"Mandar-lhe-ei o meu retrato. Quer? Mas até lá, e para prevenir a hipótese do meu rosto a enganar, vou descrever-lhe desde já o meu péssimo carácter: sou triste, imensamente triste, duma tristeza amarga e doentia que a mim própria me faz rir às vezes. É só disto que eu rio, e aqui tem já V. Ex.a no meu carácter uma sombra negra, enorme, medonha: a hipocrisia!... Porque eu pareço alegre e toda a gente gaba a minha... alegria! Estou já a vê-la, num gestozinho de enfado, amarrotar, irritada, a minha carta, com um vago sentimento de arrependimento por querer conhecer uma criatura assim tão mal dotada. Mas ainda este é o primeiro defeito; o segundo, e para o mundo virtuoso e prático é simplesmente horrível, é o sonhar, sonhar muito, olhar muito além, para longe de todos os que cantam, os que falam, os que riem!... Tenho dias em que todas as pessoas me dão a impressão de pequeninas figuras de papel sem expressão, sem vida."

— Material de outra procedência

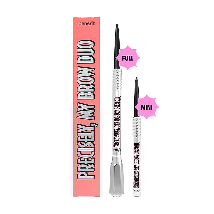 Hanki kaksi Benefitin hittituotetta tässä rajoitetun painoksen The Precisely, My Brow Pack -sarjassa. Tämä täysikokoinen duo tekee kulmien määrittelystä ja muotoilusta vaivatonta. Benefit kulmakynä, Precisely, My Brow Pencil tekee hiuksia muistuttavia vedoksia, jotka kestävät jopa 12 tuntia*. Precisely, My Brow Wax muotoilee ja pitää kulmakarvat rauhallisina, mutta runsaalla ja rohkealla värillä.

Florbela Espanca, Correspondência
Nada que um chapéu enterrado fundo na cabeça, uns óculos de sol e uma longa caminhada em silêncio, ao frio e à chuva, por entre desconhecidos, possam ajudar a resolver.
Ninguém faz ideia do efeito que as palavras têm em mim. Se o soubessem, não me inundavam com estórias de outros, com problemas que não o são, com mentiras proferidas com a convicção de que diz a mais pura verdade, quando tudo o que preciso é que me deixem em paz, sozinha e em silêncio.